In the macho world of Mexican lucha libre wrestling, “exóticos” are male fighters who compete in drag. Mostly they are straight, but this heartfelt and sweet drama based on real events tells the story of Saúl Armendáriz, an openly gay wrestler who shot to fame as an exótico in the early 90s. It gives Gael García Bernal his best role in years: Saúl is funny, infectiously upbeat, sometimes heartbreakingly vulnerable. He radiates the kind of magnetism that made him a world cinema it-boy in the early 00s (notably in another cross-dressing role: Pedro Almodóvar’s Bad Education).
Bernal’s Saúl begins his wrestling career using a male alter ego, El Topo. As everyone knows, wrestling is rigged, and since Saúl is slightly built he is forever cast as the “runt” in fights, the character ordered by promoters to lose against wardrobe-sized men with names such as Gigántico (played here by a real-life wrestler scarily named Murder Clown). It’s Saúl’s trainer Sabrina (Roberta Colindrez) – a female wrestler, an outsider too – who suggests he fights as an exótico. At first Saúl is not keen; for a start, exóticos always lose as well.
Director Roger Ross Williams made a documentary short about Armendáriz in 2016, The Man Without a Mask, which showed how the role of exótico traditionally existed to reinforce negative gay stereotypes. Cross-dressing wrestlers performed grotesque caricatures of feyness, which was an evil to be crushed by manly, hetero opponents. The audience whoops and jeers with homophobic slurs; order is restored. It’s grim.

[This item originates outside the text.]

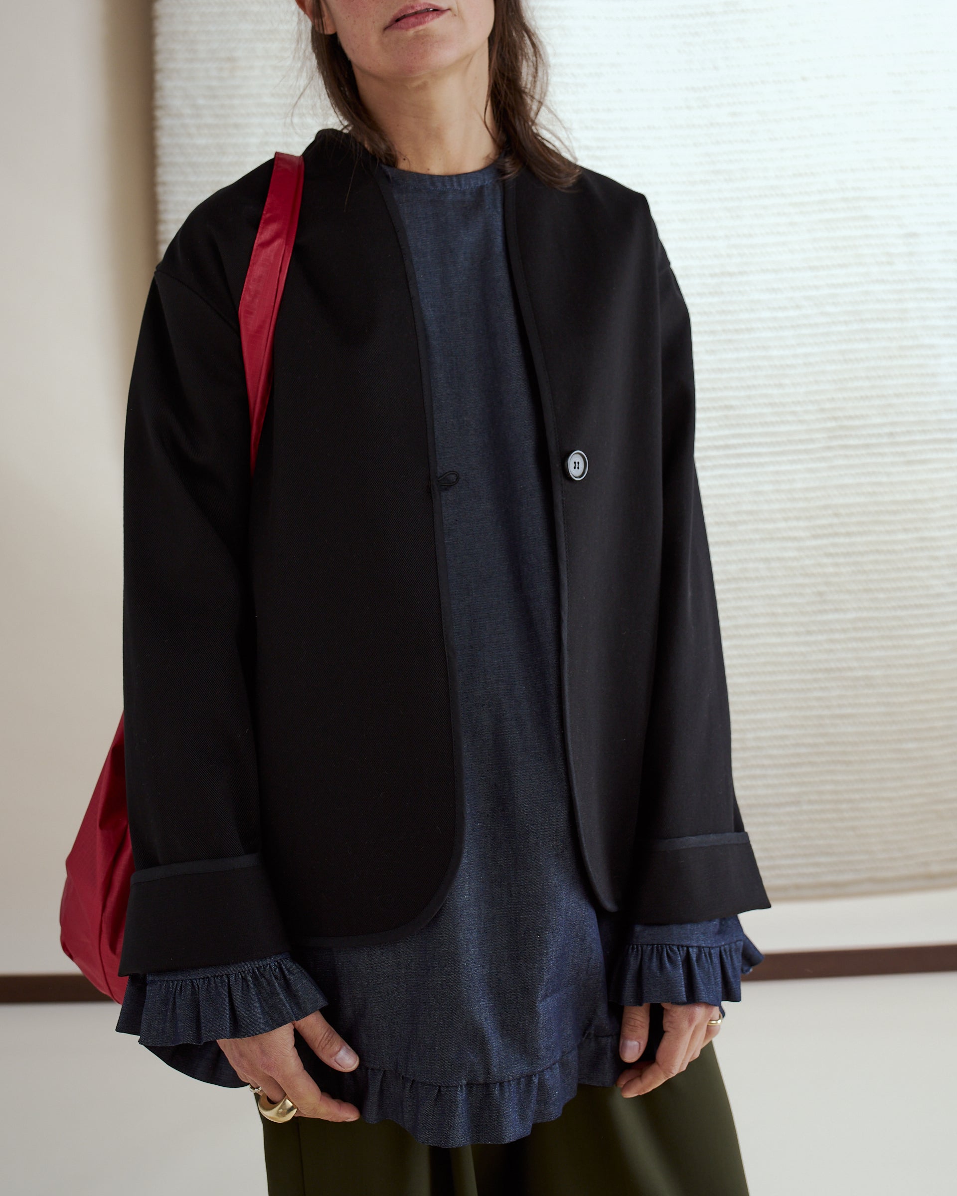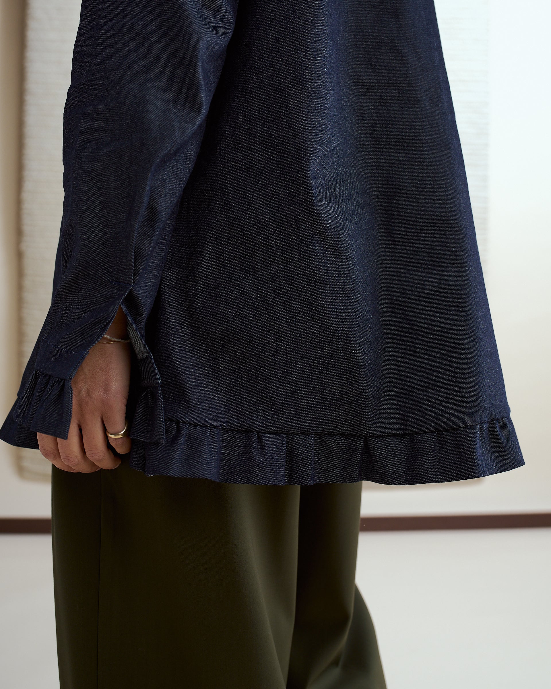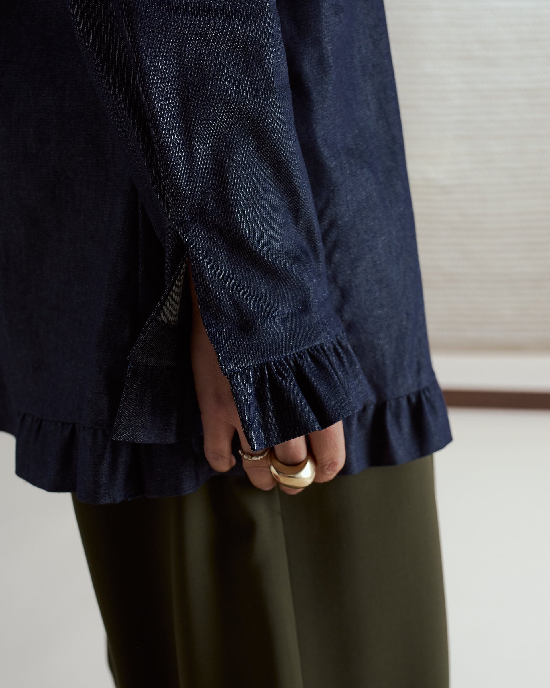 Le ruches ampie e voluminose sul fondo e ai polsi, aggiungono un tocco accattivante e irriverente che trasforma con eleganza e femminilità anche i look più basici.

When Saúl steps into the ring for the first time as Cassandro, accompanied by a Mexican version of I Will Survive, he is wearing a leopard-print leotard stitched together from a dress belonging to his mum. His character is flamboyantly gay but also proud and powerful. The crowd warms to his charisma – roaring with laughter when Cassandro sits on top of her opponent, theatrically grinding him. I wondered if the speed with which Cassandro wins over audiences in this film – local, then national – underplays the intensity of the homophobia Armendáriz faced in real life. (In interviews he has been open about his struggles with mental health.) Yet the focus is on his star quality and the qualities that made him a pioneer: sunniness, grit, passion for his sport, the unconditional love and support of his mother, and his unbreakable confidence to be himself. It’s undeniably heartwarming.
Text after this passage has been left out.